How is DWARF information referenced by zig executable

After building a program with zig build-exe -fno-strip helloworld.zig, I noticed that there aren’t any DWARF debug segments in the resulting macho binary (I’m on macos), nor does zig output a .dSYM bundle — yet lldb is able to to show symbolicated information when debugging helloworld.

As best I can tell, the debug information is in helloworld.o. So I have a few questions:

  1. does lldb look for debug info in <executable_name>.o by convention, or is there some way the macho executable says “my debug info is in helloworld.o”? (I’m thinking of how .dSYM’s can be found by the UUID located in the macho’s UUID load command, for binaries created by clang)
  2. If the debug info really is in the .o, aren’t all the symbol addresses wrong due to the offsetting that occurs due to the linking process?
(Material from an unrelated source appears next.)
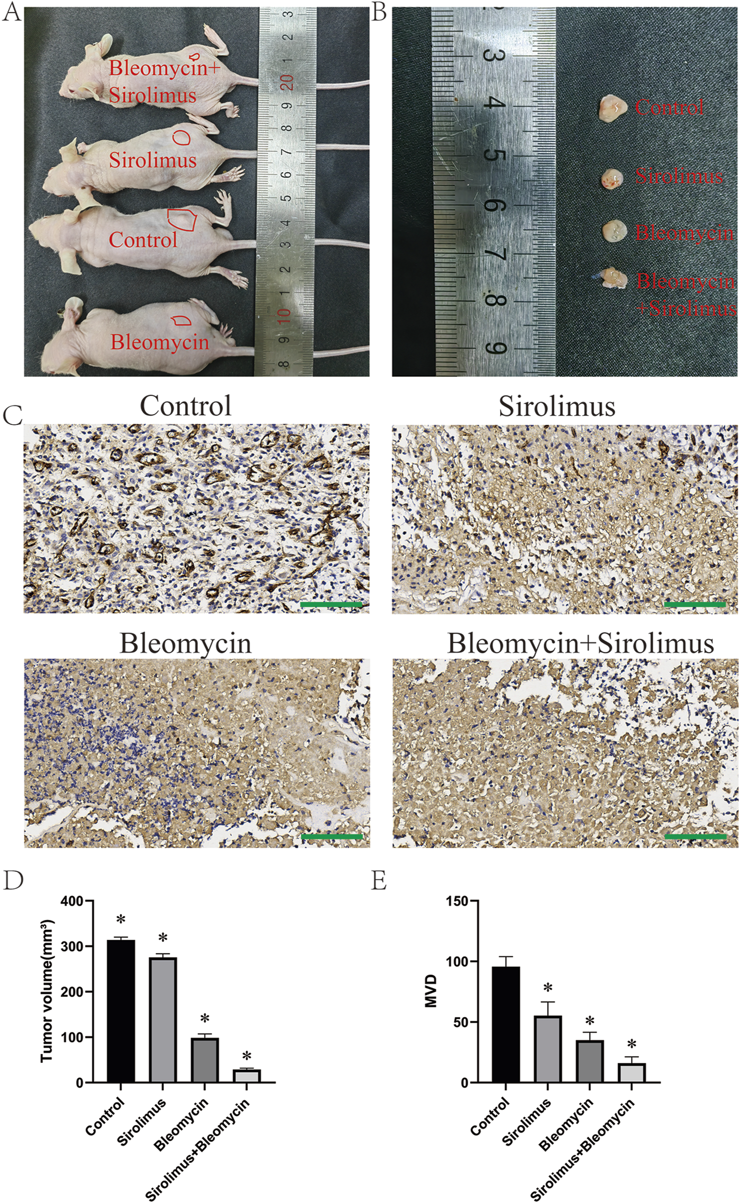 In the subcutaneous tumor formation experiment conducted with nude mice, following a 20-day feeding period, bleomycin, sirolimus, or their combination were administered via injection into the subcutaneous tumors over the course of 1 week (Figure 5A). The mice were subsequently euthanized, and tumor specimens were harvested for volumetric analysis. The findings indicated that the administration of bleomycin, sirolimus, or their combination resulted in significant regression of the subcutaneous tumors (Figure 5B). Subsequent analysis of microvessel density (MVD) differences via immunohistochemical (IHC) staining with the CD31 antibody revealed that all treatment modalities resulted in a reduction in vascular density within the tumors (Figure 5C). Notably, combination therapy had the most pronounced effect (Figures 5D,E).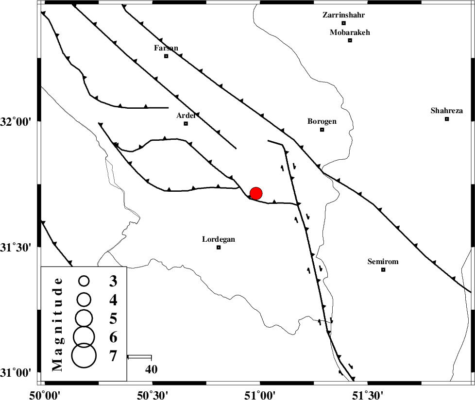 SABZKUH_F (Length: 67 km) , Distance to epicenter: 8 km | |

Maybe you can test your own hypothesis by copying the executable to an isolated directory (in /tmp?) and checking if lldb still shows symbolicated info for it?

I had confirmed my hypothesis that the debug information is in the .o file by deleting the .o file. Unfortunately the suggestion to copy the executable to a new directory doesn’t answer the first question in my original post. I had tried it and lldb doesn’t find the symbols, and that doesn’t explain if it fails to find symbols because:
A) lldb, by convention, looks for the .o in the same directory as the executable
B) the executable uses a relative path to say where its .o file is
Thanks for the suggestion though! Guess I’ll look at the lldb source.